• **What is expected**:
Because the images are not wanted, restate every line below word for word without them.

• **Data block**:
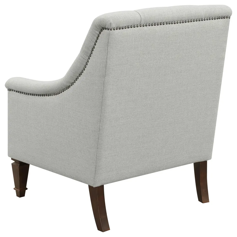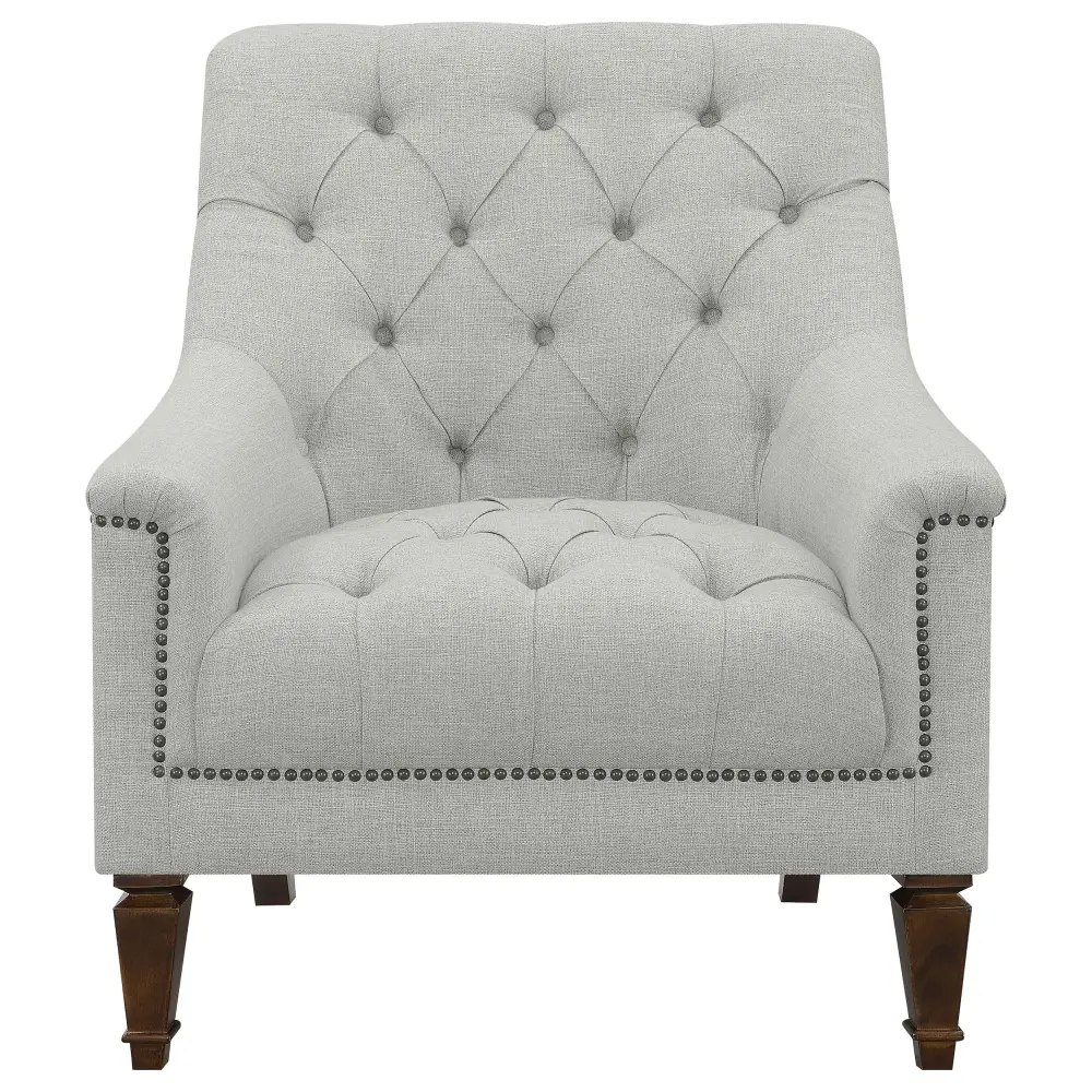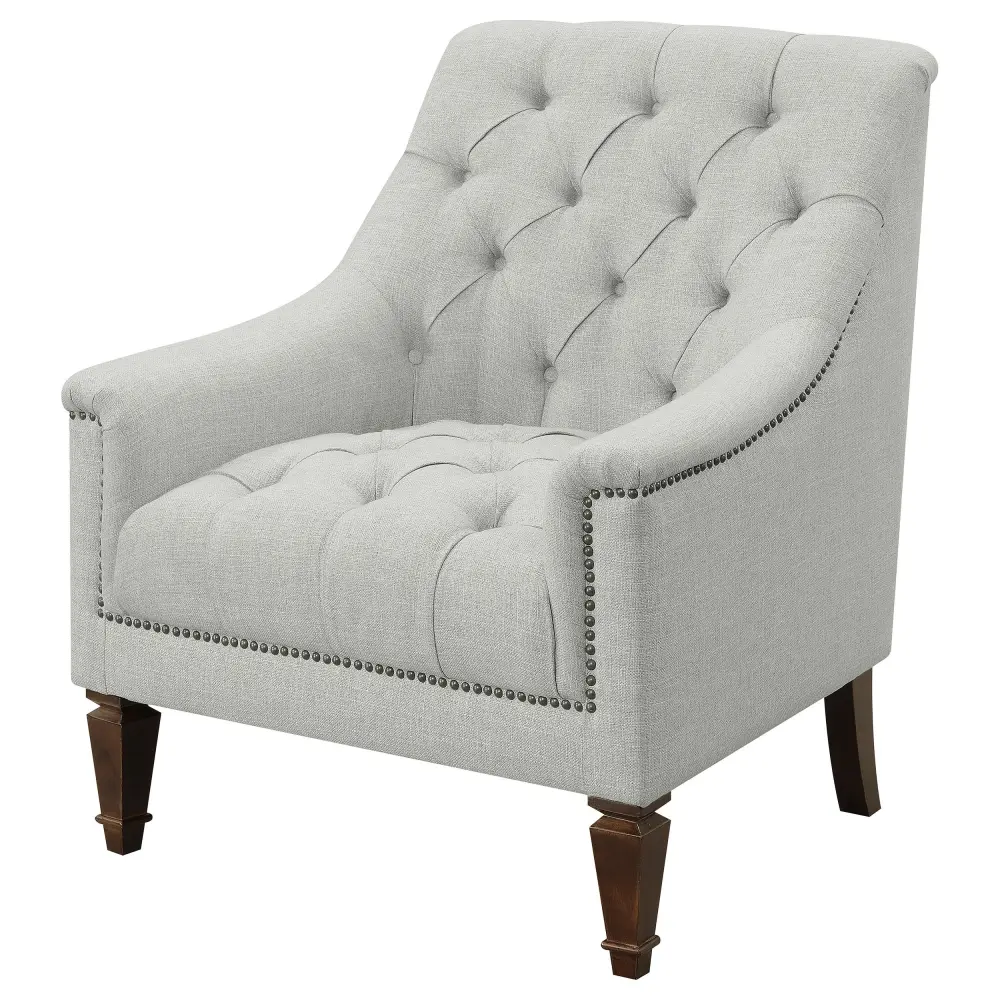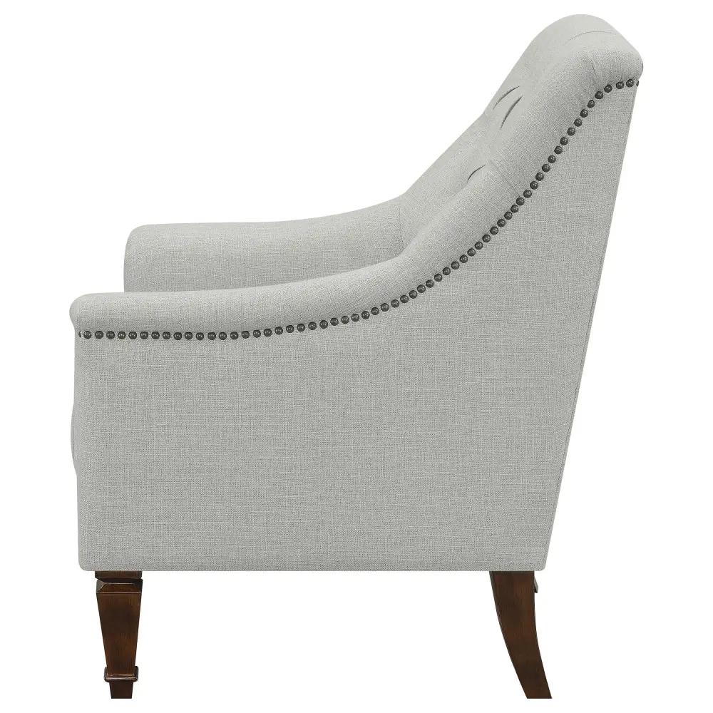 All eyes are on the romantic silhouette of this accent chair. Bolster the tasteful appeal of a transitional room with a beautiful chair with elegant contoured arms. grey upholstery brings a neutral character that blends in most settings. Tufting on its seat and seat back join ornate leg designs. Complete a sophisticated, cushiony seating group with this fabulous chair.
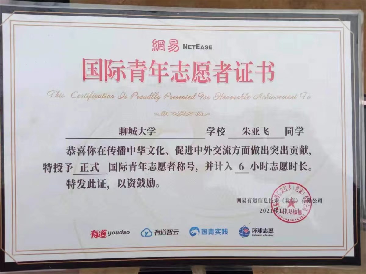 王新蕊,第三届“青春中国”山东省大学生微电影大赛优秀短视频奖
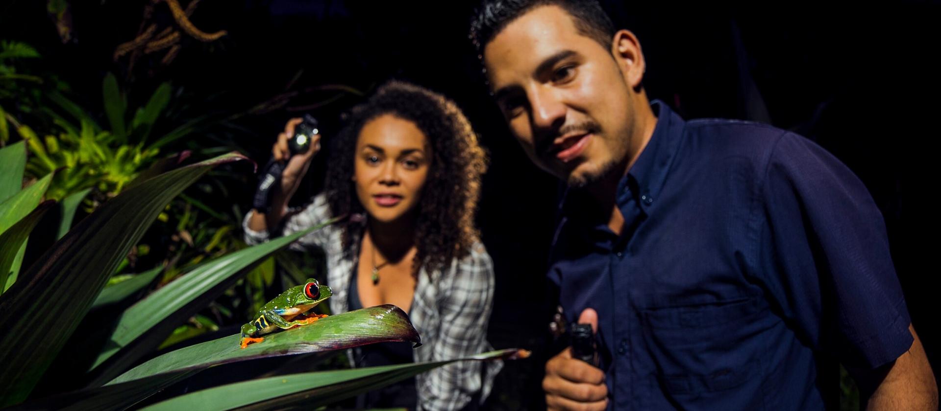 Ta przygoda rozpoczyna się od około 40-minutowego transferu do miejscowości La Tigra po zachodzie słońca. Tam wejdziecie na ścieżkę obok lasu z kilkoma naturalnymi zbiornikami wodnymi, które ułatwiają obserwację nocnych zwierząt, takich jak niektóre ptaki, ssaki, owady, płazy i nietoperze. Spacer odbywa się wokół luster wodnych, aż do sanktuarium żab, miejsca naturalnego rozmnażania wielu z tych płazów, takich jak żaba młotkowa i żaba rycząca, a także spektakularna żaba z czerwonymi oczami i piękna żaba szklana. Po zakończeniu wycieczki zjecie pyszną, typową kostarykańską kolację podziwiając nocną panoramę równiny San Carlos. Po kolacji nastąpi powrót do La Fortuna.
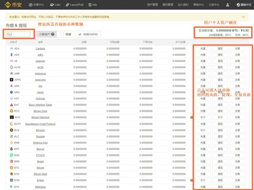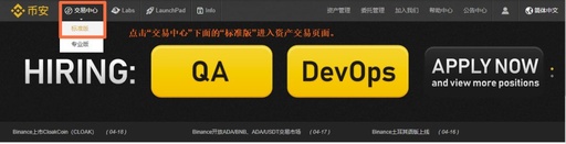 步骤十:交易操作进行交易前需要注意:币安只支持币币交易,不支持法币交易与C2C交易,想要在币安进行交易的用户需提前充币进币安账户,币安目前有BTC、ETH、USDT、BNB等交易对切换区。

• **Written solution**:
 All eyes are on the romantic silhouette of this accent chair. Bolster the tasteful appeal of a transitional room with a beautiful chair with elegant contoured arms. grey upholstery brings a neutral character that blends in most settings. Tufting on its seat and seat back join ornate leg designs. Complete a sophisticated, cushiony seating group with this fabulous chair.
 王新蕊,第三届“青春中国”山东省大学生微电影大赛优秀短视频奖
 Ta przygoda rozpoczyna się od około 40-minutowego transferu do miejscowości La Tigra po zachodzie słońca. Tam wejdziecie na ścieżkę obok lasu z kilkoma naturalnymi zbiornikami wodnymi, które ułatwiają obserwację nocnych zwierząt, takich jak niektóre ptaki, ssaki, owady, płazy i nietoperze. Spacer odbywa się wokół luster wodnych, aż do sanktuarium żab, miejsca naturalnego rozmnażania wielu z tych płazów, takich jak żaba młotkowa i żaba rycząca, a także spektakularna żaba z czerwonymi oczami i piękna żaba szklana. Po zakończeniu wycieczki zjecie pyszną, typową kostarykańską kolację podziwiając nocną panoramę równiny San Carlos. Po kolacji nastąpi powrót do La Fortuna.
 步骤十:交易操作进行交易前需要注意:币安只支持币币交易,不支持法币交易与C2C交易,想要在币安进行交易的用户需提前充币进币安账户,币安目前有BTC、ETH、USDT、BNB等交易对切换区。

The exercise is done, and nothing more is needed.